_Record extracts_.
******************************

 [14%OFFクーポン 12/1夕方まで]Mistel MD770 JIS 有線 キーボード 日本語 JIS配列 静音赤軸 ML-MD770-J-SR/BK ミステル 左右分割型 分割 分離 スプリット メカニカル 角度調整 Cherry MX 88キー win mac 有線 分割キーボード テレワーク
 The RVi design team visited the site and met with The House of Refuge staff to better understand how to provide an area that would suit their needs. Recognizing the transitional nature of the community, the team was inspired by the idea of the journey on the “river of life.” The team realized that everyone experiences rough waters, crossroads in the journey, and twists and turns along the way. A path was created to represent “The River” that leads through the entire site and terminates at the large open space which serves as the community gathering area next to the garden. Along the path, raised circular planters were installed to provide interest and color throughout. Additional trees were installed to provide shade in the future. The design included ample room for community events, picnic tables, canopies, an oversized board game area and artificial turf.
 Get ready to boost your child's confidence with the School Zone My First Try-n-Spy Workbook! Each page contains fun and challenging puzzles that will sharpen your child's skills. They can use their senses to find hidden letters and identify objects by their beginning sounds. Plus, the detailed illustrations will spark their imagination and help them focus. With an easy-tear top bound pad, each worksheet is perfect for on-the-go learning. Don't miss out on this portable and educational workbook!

******************************

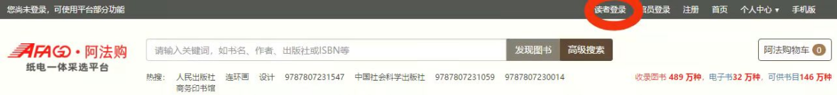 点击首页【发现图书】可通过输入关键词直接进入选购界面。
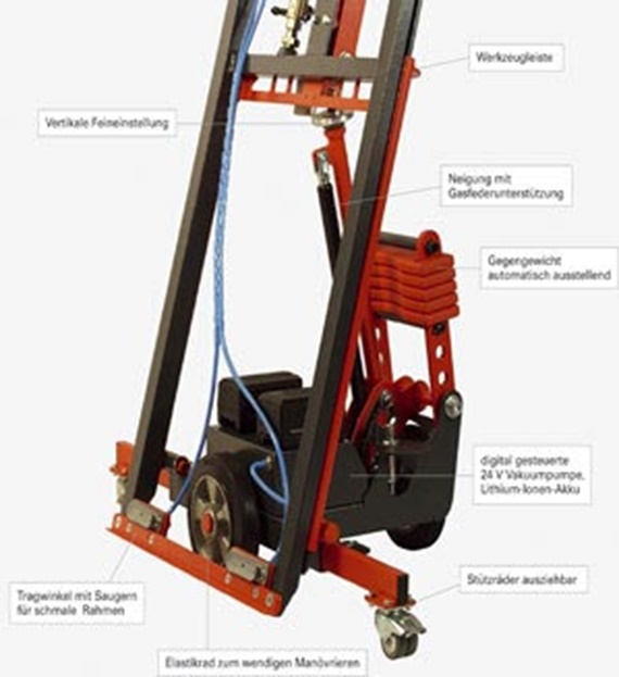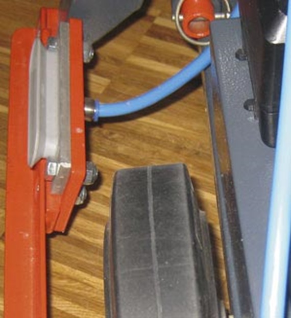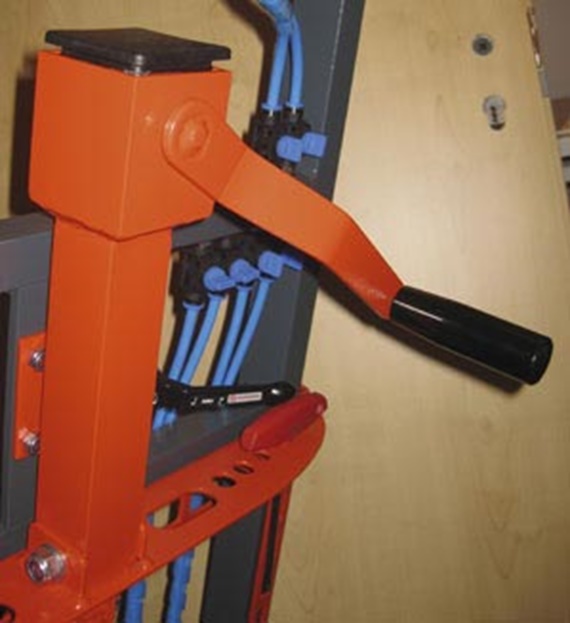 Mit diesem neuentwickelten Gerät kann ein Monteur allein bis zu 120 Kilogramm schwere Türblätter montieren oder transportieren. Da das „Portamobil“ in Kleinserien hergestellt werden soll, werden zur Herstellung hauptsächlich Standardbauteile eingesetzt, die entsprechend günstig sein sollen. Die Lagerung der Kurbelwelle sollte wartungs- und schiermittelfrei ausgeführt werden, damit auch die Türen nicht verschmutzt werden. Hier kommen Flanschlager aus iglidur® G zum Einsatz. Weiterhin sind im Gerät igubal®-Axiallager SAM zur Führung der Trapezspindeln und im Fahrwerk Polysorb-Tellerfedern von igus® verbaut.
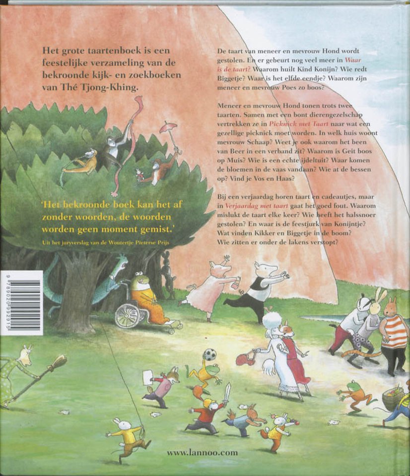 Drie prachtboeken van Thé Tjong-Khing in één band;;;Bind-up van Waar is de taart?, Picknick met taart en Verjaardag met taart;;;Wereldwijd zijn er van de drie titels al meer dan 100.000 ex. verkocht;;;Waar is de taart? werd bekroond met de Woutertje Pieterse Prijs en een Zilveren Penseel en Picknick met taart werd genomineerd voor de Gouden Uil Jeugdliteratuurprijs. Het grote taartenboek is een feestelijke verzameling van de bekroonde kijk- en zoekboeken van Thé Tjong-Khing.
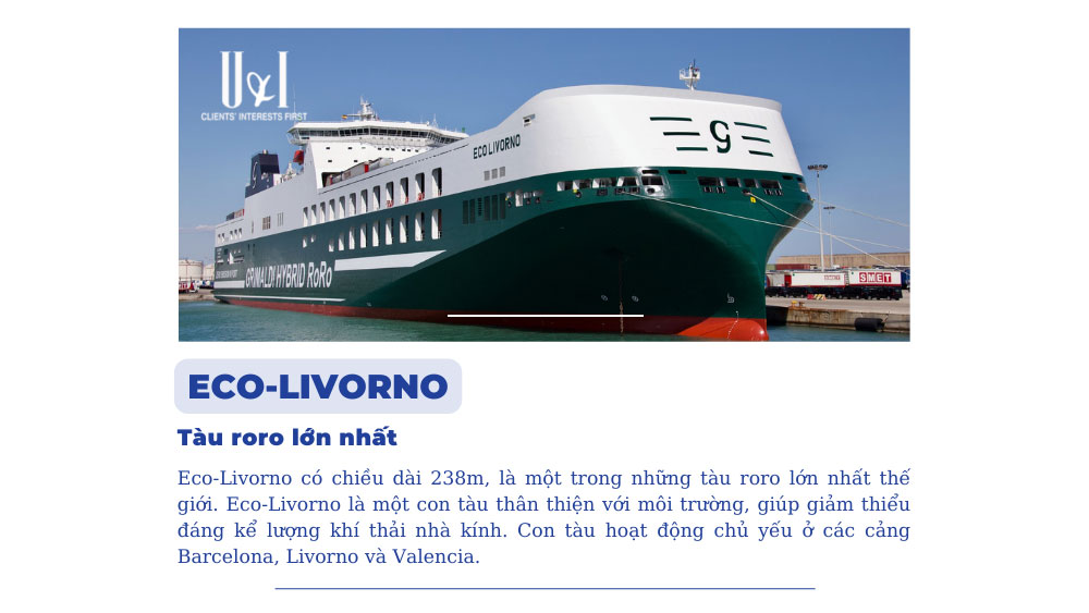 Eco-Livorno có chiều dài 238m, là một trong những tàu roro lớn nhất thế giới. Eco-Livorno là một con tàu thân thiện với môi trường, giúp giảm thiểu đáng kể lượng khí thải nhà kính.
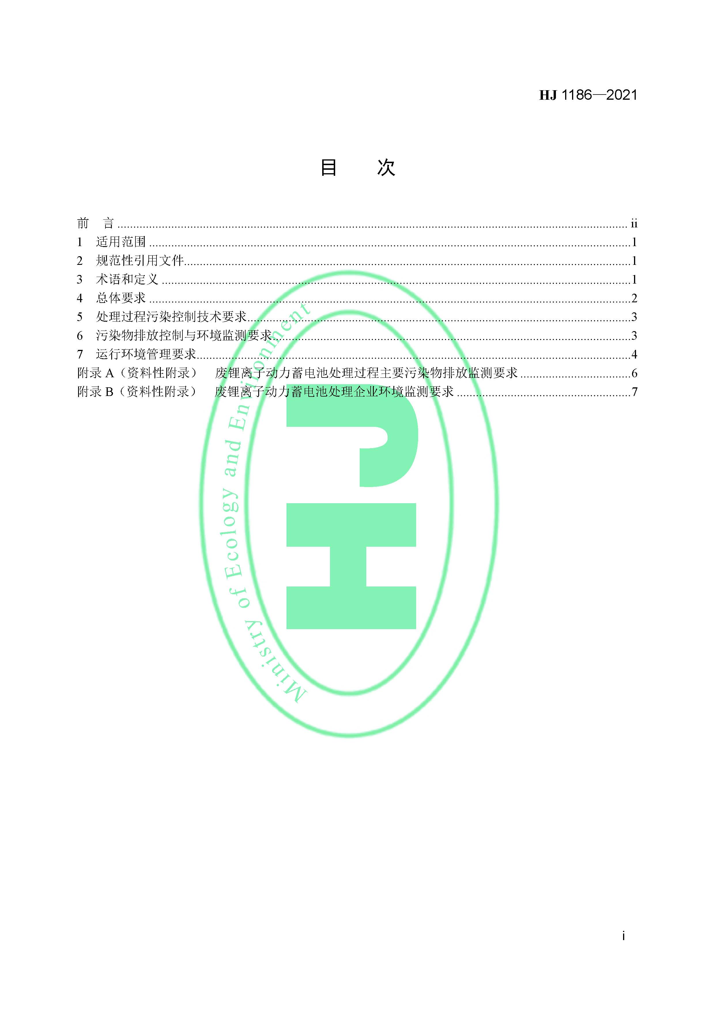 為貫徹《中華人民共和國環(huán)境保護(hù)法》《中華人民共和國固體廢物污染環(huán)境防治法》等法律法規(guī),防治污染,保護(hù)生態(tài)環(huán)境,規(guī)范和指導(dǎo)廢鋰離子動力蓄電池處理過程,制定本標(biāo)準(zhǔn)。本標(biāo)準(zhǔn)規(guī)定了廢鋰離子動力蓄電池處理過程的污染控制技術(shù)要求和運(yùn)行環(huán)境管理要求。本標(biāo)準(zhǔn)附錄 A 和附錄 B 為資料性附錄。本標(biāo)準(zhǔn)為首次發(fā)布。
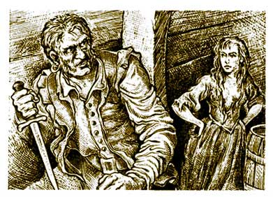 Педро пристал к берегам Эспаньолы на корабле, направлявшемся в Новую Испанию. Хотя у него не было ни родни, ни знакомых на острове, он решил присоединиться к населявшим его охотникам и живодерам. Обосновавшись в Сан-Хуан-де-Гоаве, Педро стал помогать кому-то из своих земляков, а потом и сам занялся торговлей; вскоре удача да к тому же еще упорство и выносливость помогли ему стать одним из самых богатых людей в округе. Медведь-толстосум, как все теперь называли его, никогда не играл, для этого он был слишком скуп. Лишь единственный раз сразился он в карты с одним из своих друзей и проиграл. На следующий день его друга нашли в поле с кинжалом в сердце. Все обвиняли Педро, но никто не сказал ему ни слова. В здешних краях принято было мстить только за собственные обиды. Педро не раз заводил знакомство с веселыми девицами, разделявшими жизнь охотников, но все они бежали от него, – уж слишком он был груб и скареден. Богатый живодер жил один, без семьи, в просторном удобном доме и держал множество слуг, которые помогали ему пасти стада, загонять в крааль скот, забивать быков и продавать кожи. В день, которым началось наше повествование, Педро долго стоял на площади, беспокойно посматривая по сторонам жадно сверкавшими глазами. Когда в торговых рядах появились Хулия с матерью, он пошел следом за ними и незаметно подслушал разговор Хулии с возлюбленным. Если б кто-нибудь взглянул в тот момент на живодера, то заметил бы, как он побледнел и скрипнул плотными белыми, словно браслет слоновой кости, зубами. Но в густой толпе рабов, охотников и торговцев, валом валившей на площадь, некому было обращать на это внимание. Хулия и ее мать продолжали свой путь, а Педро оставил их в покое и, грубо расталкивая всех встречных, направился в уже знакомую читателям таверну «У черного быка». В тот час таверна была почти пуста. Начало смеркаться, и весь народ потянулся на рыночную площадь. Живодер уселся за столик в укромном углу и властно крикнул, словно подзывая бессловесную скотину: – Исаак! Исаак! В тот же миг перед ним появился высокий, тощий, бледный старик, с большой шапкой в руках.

******************************

_Problem to work on_.
Copy the lines above exactly, beginning at the line that has "[14%OFFクーポン 12/1夕方まで]Mistel MD770" and stopping after the line that has "The RVi design", and omit the rest.

_Exercise solution_.
 [14%OFFクーポン 12/1夕方まで]Mistel MD770 JIS 有線 キーボード 日本語 JIS配列 静音赤軸 ML-MD770-J-SR/BK ミステル 左右分割型 分割 分離 スプリット メカニカル 角度調整 Cherry MX 88キー win mac 有線 分割キーボード テレワーク
 The RVi design team visited the site and met with The House of Refuge staff to better understand how to provide an area that would suit their needs. Recognizing the transitional nature of the community, the team was inspired by the idea of the journey on the “river of life.” The team realized that everyone experiences rough waters, crossroads in the journey, and twists and turns along the way. A path was created to represent “The River” that leads through the entire site and terminates at the large open space which serves as the community gathering area next to the garden. Along the path, raised circular planters were installed to provide interest and color throughout. Additional trees were installed to provide shade in the future. The design included ample room for community events, picnic tables, canopies, an oversized board game area and artificial turf.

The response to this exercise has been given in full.